For a tenner I think we'll take a punt - if our local Lidl has the same offer. Not a lot to risk, is it? :wink: 

Dave


----------



## aldra (Jul 2, 2009)

I have one

Never use it

Instead wash the rice BROWN

500 grams, 80 mlsof water

Into the pressure cooker

Bring to pressure reduce heat, 7 min done

I cook it every other day for the hound from hell, cook his chicken first also in the pressure cooker

Drain remove the fat and use the liquid to cook his rice

He is looking good

Aldra


----------



## pippin (Nov 15, 2007)

Ah yes - BROWN rice - the stuff that tastes and feels like wood-chips!


----------



## aldra (Jul 2, 2009)

It doesn't 

Would work with white

But brown is richer and nuttier

We eat it as well as the hound

Try it

Aldra


----------



## wp1234 (Sep 29, 2009)

Couple of cups of rice topped with boiling water from the kettle 5 mins in the microwave ... Bingo


----------



## rosalan (Aug 24, 2009)

pippin said:


> Ah yes - BROWN rice - the stuff that tastes and feels like wood-chips!


We have it on the walls in every room.
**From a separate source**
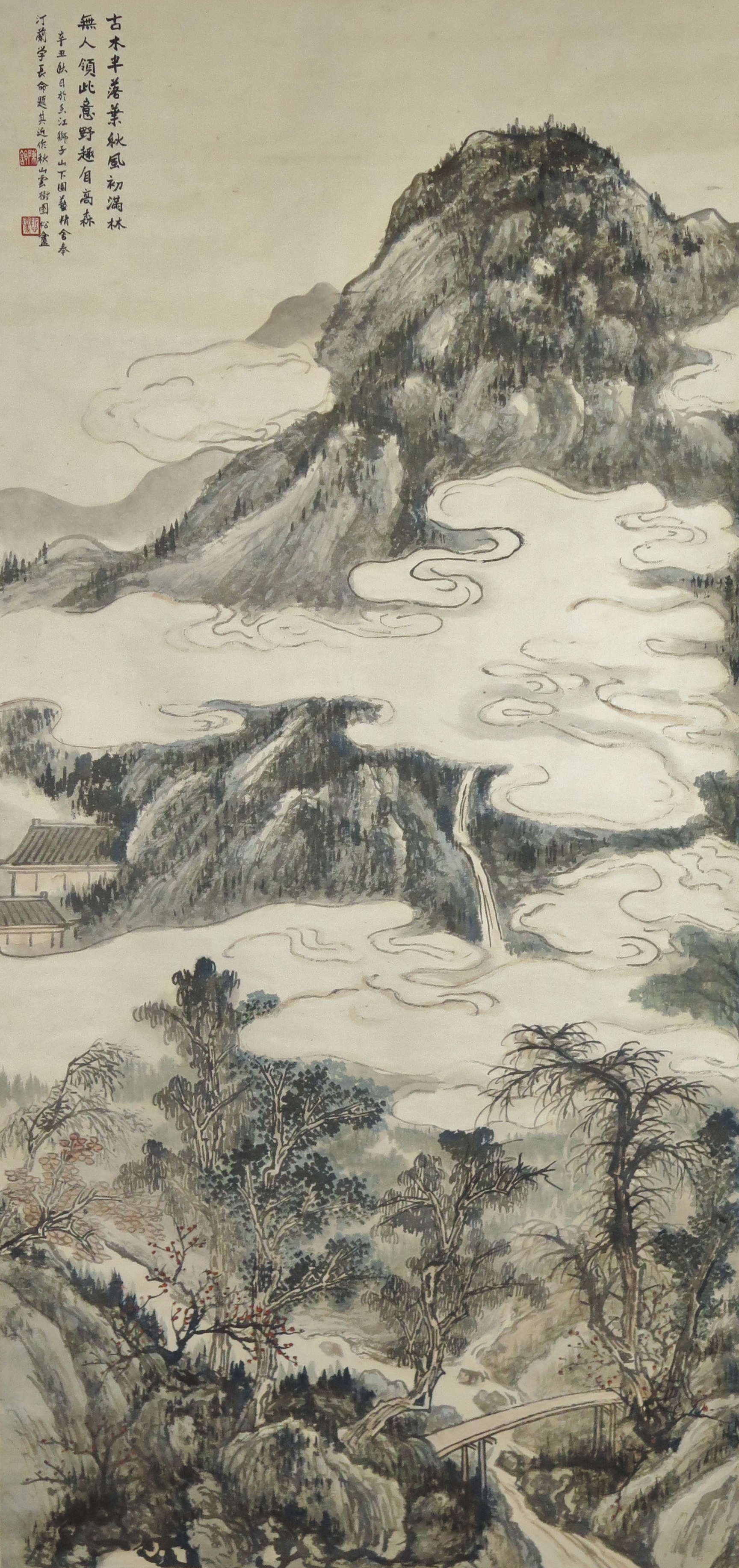 Ip Chit Hoo was a very close friend of Chen. Chen visited Ip’s studio at St Louis School, Hong Kong from time to time in the 1950s. Chen told Ip that on an autumn day in 1960 (庚子年) he showed Li Yanshen his painting Misty Mountains (雲山煙雨圖), Li was overwhelmed with joy and extremely pleased with his most beloved student. Unfortunately at that time the painting on silk had not been mounted as a handscroll or else Li Yanshen would have written a colophon for the painting. But Li immediately executed a landscape painting on a piece of paper for Chen to show his joy and appreciation. The painting was named Hermit in a Mountain with Streams (溪山高隱). Both the painting and the inscription in cursive script show rich and unpretentious brush-strokes of extremely high skill and expertise. This is indeed one of the very best late works of Li before he passed away in 1961.

Feels ok to me.

Alan


----------



## Harrers (Dec 21, 2011)

I bought a rice cooker in Asda for £9.99 and then decided to keep it in the mh where I was very pleased to see that it works off the inverter.

Decided to get another for home but the cheapest I could find was the same model branded slightly differently from Asda for £16!


----------



## daffodil (Aug 7, 2014)

I would never eat WARM rice it must be piping hot :wink:


----------



## pippin (Nov 15, 2007)

Quite right.

Rice kept warm for an extended period can develop nasties.


----------



## daffodil (Aug 7, 2014)

pippin said:


> Quite right.
> 
> Rice kept warm for an extended period can develop nasties.


There is only badly cooked chicken that can cause more outbreaks of salmonella etc then badly treated Rice, and rewarmed Rice is a definite NO NO,as is warm rice, it must be HOT, HOT, HOT, or stone COLD , :wink:

Anyway why all these so called labor saving GADGETS

The rice ratio is, 1cup of rice 3 to 4 cups water put in pan, bring to the boil until rice has absorbed the liquid, Bobs your uncle delicious rice

SIMPLES :lol: :lol: :lol: :lol:


----------



## wobby (May 1, 2005)

The NHS. state that if you cook rice then chill it, keep it in the fridge the reheat to piping hot it's OK. However it shouldn't be kept for more than 24 hours and shouldn't be reheated more than once. 

Take away rice, I certainly wouldn't keep as you never know how long it's been kept for.

Wobby


----------



## Zebedee (Oct 3, 2007)

Slightly off topic, but both rice and pasta are classic carbohydrates.

I'm not sure if the following is applicable to rice, but in principle it sounds like it might be??????

http://www.bbc.co.uk/news/magazine-29629761

Dave


----------



## aldra (Jul 2, 2009)

Every thing can develope nasties

As time goes on more and more do

So how are we still alive???

In our time

No sell by dates

Ate eggs every day

It's what you did

Are the new generation lacking in something ??

Possibally more easily conned??
Aldra


----------